This article was published in the Lenoir News-Topic.
Caldwell County school personnel will be barred from complying with doctors’ orders to let extremely ill children die, the Caldwell County Board of Education decided Monday.
The board received one official public comment on the policy during the past month after it was proposed. There was no discussion of the policy on Monday among board members, who voted unanimously to approve it.
A Do Not Resuscitate order, or DNR, is a request that no one perform CPR or otherwise resuscitate a patient in the event of cardiac or respiratory arrest. The school system has not been asked to honor a DNR for any current student, Superintendent Steve Stone said at the board’s September meeting.One parent, Maleah Haas, filed a public comment online in support of the policy.
“The parents alone ultimately take responsibility,” said Haas, who identified herself in the comment as the parent of a medically fragile child. “Part of that responsibility is accepting the fact that other school personnel and students cannot be put in the heart-wrenching position of honoring a DNR order.”
Before the board voted, Stone also referenced another “public comment” on the policy – a letter to the editor sent to the News-Topic by John Worsley of Lenoir opposing the policy. Worsley did not submit an official public comment on the policy, said Kathy Chandler, administrative assistant to the board of education.

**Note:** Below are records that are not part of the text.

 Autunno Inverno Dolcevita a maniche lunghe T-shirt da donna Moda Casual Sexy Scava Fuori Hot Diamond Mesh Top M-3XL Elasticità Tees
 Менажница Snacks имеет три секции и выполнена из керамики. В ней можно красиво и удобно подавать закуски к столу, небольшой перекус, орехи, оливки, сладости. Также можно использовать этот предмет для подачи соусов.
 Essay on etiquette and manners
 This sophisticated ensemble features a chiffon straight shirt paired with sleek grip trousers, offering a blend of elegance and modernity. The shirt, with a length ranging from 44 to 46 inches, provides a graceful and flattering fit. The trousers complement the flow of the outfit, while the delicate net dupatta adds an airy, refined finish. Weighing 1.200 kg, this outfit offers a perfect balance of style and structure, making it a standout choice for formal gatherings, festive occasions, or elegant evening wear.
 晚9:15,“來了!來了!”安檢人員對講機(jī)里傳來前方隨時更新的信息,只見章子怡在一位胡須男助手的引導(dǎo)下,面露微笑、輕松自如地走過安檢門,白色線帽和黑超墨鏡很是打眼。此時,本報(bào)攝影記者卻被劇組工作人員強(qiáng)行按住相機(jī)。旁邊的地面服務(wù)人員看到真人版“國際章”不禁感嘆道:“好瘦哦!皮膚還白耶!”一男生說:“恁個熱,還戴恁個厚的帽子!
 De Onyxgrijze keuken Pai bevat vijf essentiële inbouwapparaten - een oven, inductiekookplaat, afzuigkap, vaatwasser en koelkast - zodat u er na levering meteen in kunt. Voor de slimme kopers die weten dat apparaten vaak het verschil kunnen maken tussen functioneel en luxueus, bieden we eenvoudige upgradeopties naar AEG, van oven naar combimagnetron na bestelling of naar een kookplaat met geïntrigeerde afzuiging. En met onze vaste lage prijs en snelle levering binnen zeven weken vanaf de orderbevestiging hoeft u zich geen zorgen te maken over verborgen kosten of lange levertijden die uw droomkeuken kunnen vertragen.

“I agree wholeheartedly that school staff and officials shouldn’t have to make decisions about Do Not Resuscitate orders for gravely ill children,” Worsley’s letter read. “That seems to be the whole point of DNR orders. The parents, children and doctors involved have already made that difficult decision. School personnel not only shouldn’t have to make a decision in these situations but they SHOULDN’T make one.”
Pediatric DNRs are common in hospitals and other medical settings – often for children who have terminal illnesses, and sometimes for children with severe disabilities who are so fragile that CPR or other resuscitation efforts may hurt the child more than it could help them. In some cases, parents ask that their child’s school district honor a DNR as well.

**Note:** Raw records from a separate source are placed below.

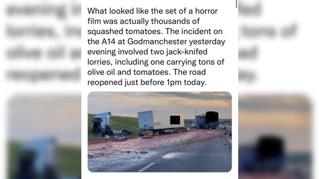 Кому-то покажется, что это море крови. Но не торопитесь нервничать, это всего лишь томатная паста, которая растеклась по трассе из-за того, что два транспортных средства врезались друг в друга - в одном кари, в другом оливковое масло и томаты - идеальное сочетание. Случай произошёл в Великобритании.
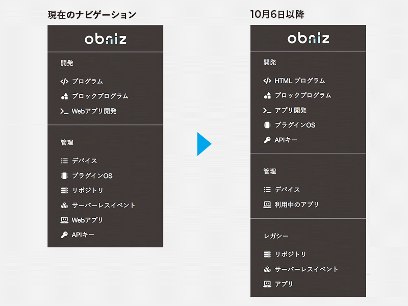 アプリの登場に伴い開発者ナビゲーションの配列が変わります。
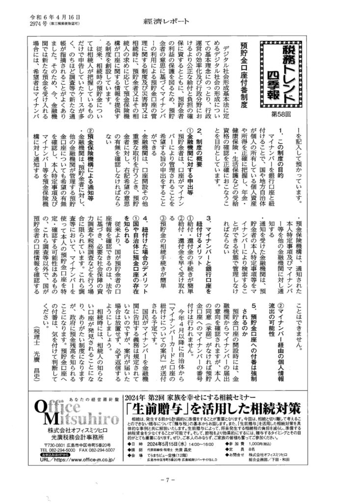 「税務トレンド四季報」を書かせていただいております。 このたび、経済レポート2024年4月16日 第2974号に「預貯金口座付番制度」を テーマとした記事が掲載されましたので、ご紹介いたします。ぜひ、ご覧になってください。 税理士 光廣 昌史
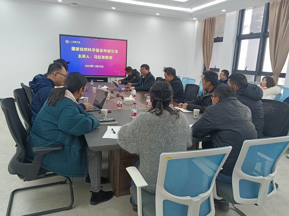 为切实做好学院2024年度国家级基金项目申报工作,提高基金申报书的质量,2023年12月20日上午人工智能学院在花江慧谷6号楼403会议室举办2024年度国家自然科学基金申报经验交流会。江苏海洋大学副校长马廷淮教授应邀作国基申报经验交流分享。会议由院长陈光喜教授主持,我院和计算机与信息安全学院20多位教师参加了此次交流会。
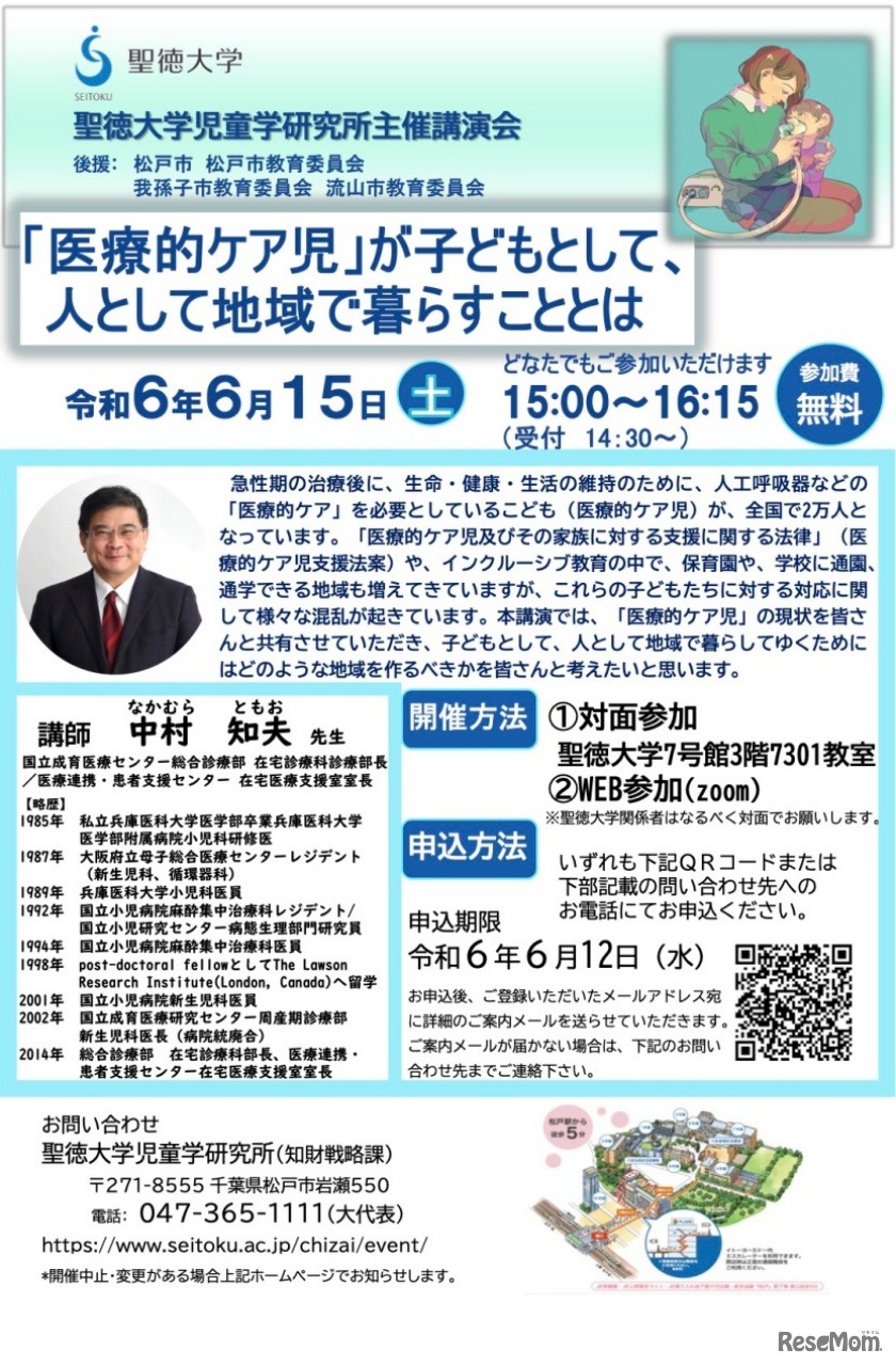 聖徳大学児童学研究所は2024年6月15日、講演会「『医療的ケア児』が子どもとして、人として地域で暮らすこととは」を、聖徳大学松戸キャンパスおよびオンラインで開催する。参加無料、事前申込制。申込フォームまたは電話にて受け付ける。
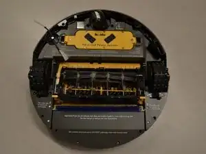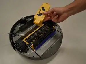 Переверните Roomba вверх дном и поместите его так, чтобы нижняя сторона была открыта. Колеса и щетки должны быть видны.
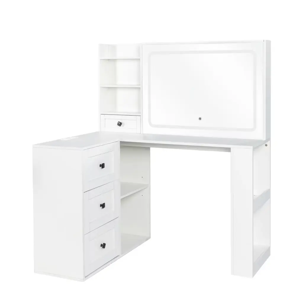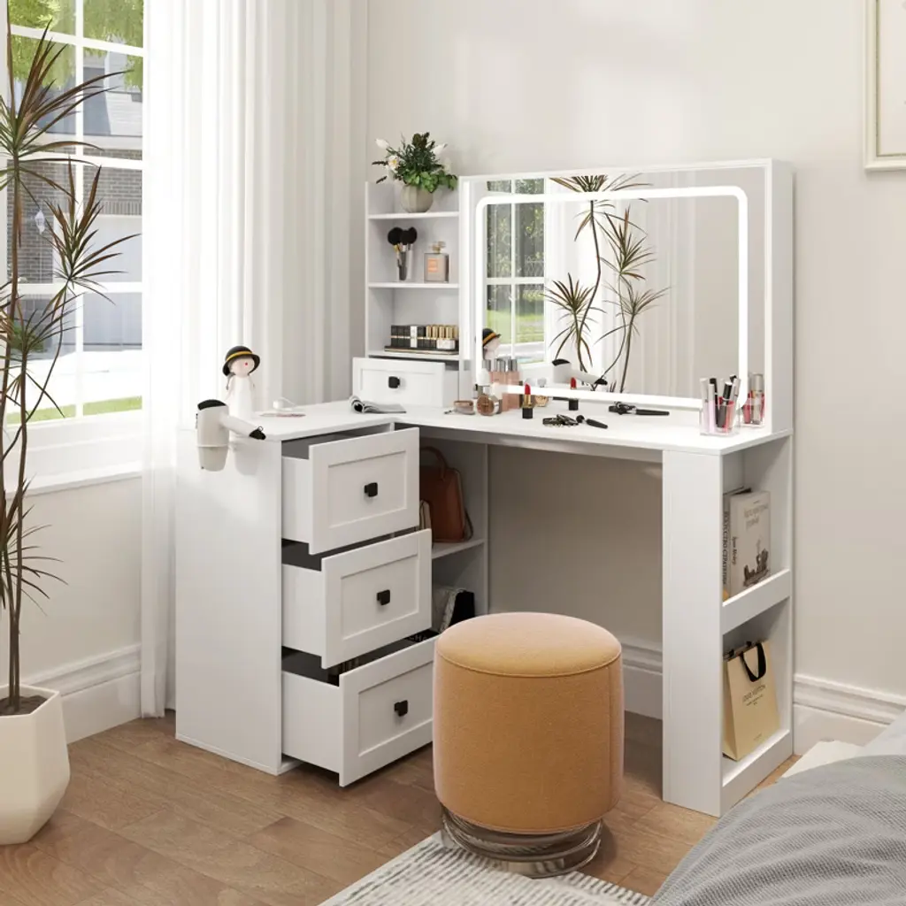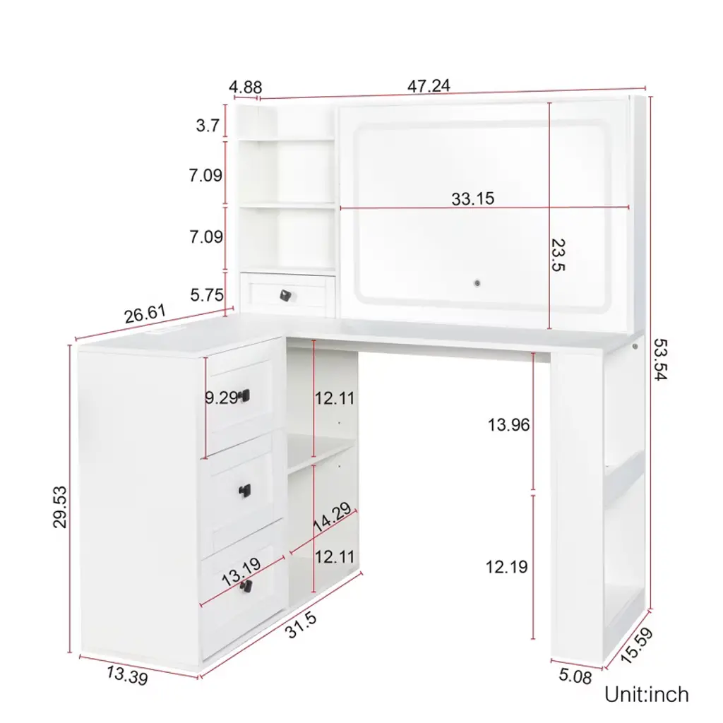 If you are looking for an exquisite best-in-class dressing table, you must not miss this elegant classic dressing table set. It comes with 3 large drawers, 7 open shelves, and one mirror with LED lights. The large rectangular cosmetic mirror provides a wider view and makes makeup easier. Perfect for home, work, hair salon, and studio makeup.3 color temperature LED lights can be switched, you can change the color or brightness according to any scene or makeup needs, which allows you to better control the lighting and room atmosphere and helps you create the best makeup look every day. There is a built-in charging board on the desktop, which does not take up much space and is convenient for using hair curlers, hair dryers, beauty instruments, mobile phone charging.The size of this dressing table set is 47.24"(L)x26.61"(W)x53.54"(H), it has a spacious tabletop and 3 large drawers that provide the perfect space to store and organize your precious lipsticks, eye shadows, makeup, perfumes, jewelry, other beauty supplies, and more in different places. Wonderful gifts for yourself, your wife, your mom, your girls. Material is 15mm particle bpard,back board is 3mm MDF. Made of wooden structure with melamine finish for durability and easy maintenance.

Many school systems do not have official policies on DNRs; those who do come down on varying sides of the issue. A 2005 study sponsored by the Children’s Hospital of Philadelphia and the University of Pennsylvania found that among a random sample of school districts across the United States, 20 percent had DNR policies.
Forty-seven percent of those policies allowed school employees to honor DNR policies, while the rest, like Caldwell County, prohibited staff from honoring them.